# Conkie



## shawtycat (Feb 6, 2002)

Conkies aka Dunkanoo

3 ripe plantains 
1/2 teaspoon grd. cinnamon 
2 tablespoons butter 
2 tablespoons sifted flour 
1/2 cup brown sugar 
Banana leaves or aluminum foil 
1/2 teaspoon grated nutmeg Makes 1 Dozen. 

Place the plantains in a pot of salted water boil them until they are tender. In a bowl, mash the plantains with a fork and add the butter, sugar, and spices. If necessary, add a little flour to make thick paste. Wash the banana leaves and make them pliable by boiling them. Cut the leaves into pieces about 6 inches square. Then drop 2 tablespoonsful of the plaintain mixture onto each piece of leaf, roll it up, fold it over and tie the ends. Fill a large heavy saucepan with water and bring it to a boil. Add the conkie packages and boil them for 45 to 50 minutes Serve warm This is a great traditional bajun dish that is thought to be a descendant of Ghana's Kenkey. Conkies can be either sweet or savory and can be made with everything from grated fresh corn to plantains. When made with corn or cornmeal they are also called Dunkanoo... 
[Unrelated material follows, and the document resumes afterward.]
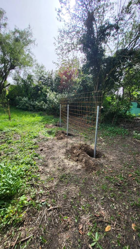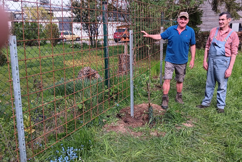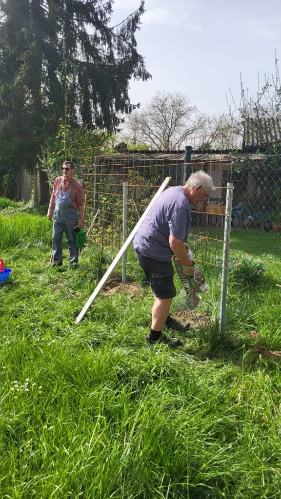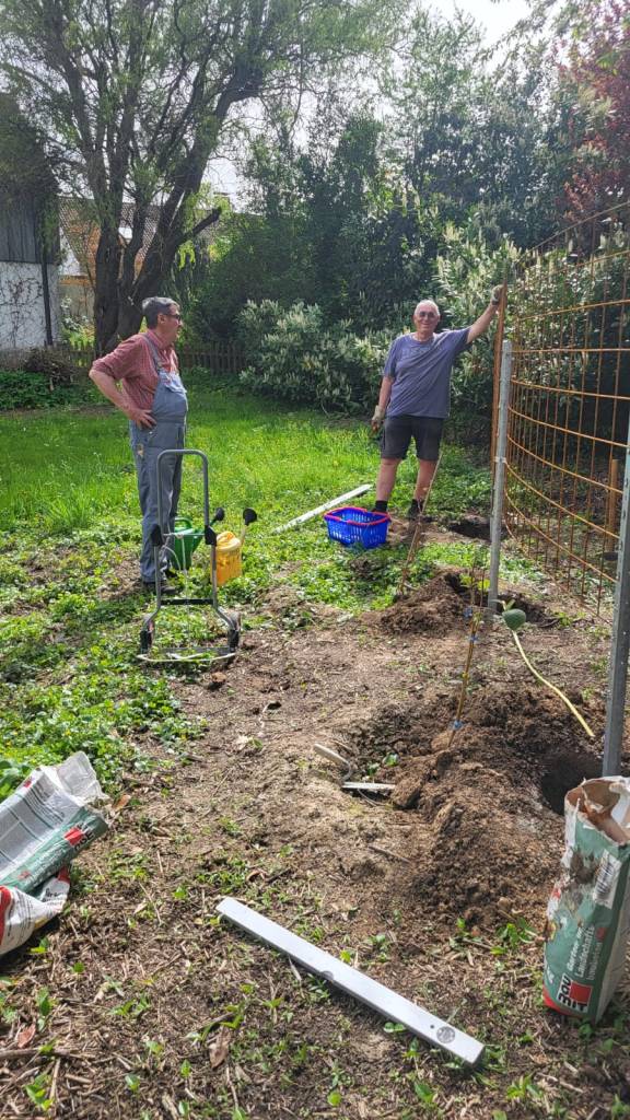 08. April 2024 am Obstpfad Pfosten und Stahlgitter für 2 Spaliere von 3 Mitgliedern betoniert und angebracht.

Err....this is kind of an acquired taste. It took me a while to realize I was allergic to the banana leaves.  You can use something else Im sure.


----------



## suzanne (May 26, 2001)

Is it okay to use plastic wrap? When I make tamales, that's usually what I wrap them in. 

And what goes with these? Looks like they'd be great with ice cream (of course, what isn't?). I love sweet plantains, but didn't know what else to do with them besides frying. This looks much more "lo-cal." Thanks!! :lips:


----------



## shawtycat (Feb 6, 2002)

Hmmm...If you had luck using plastic wrap with the tamales then it shouldn't be a problem.  This is kind of a sweet tamale I guess. :lol: We west indians are great copycats and love to lend our own twist to things. 

There is a conkie my grandmother makes with cornmeal. We make that one all the time in Barbados, around Christmas time I think. We ate them with Breadnuts. I found out that breadnuts were actually chestnuts when I went to an American grocery store for the first time.  So many names for one piece of produce.

Jodi


----------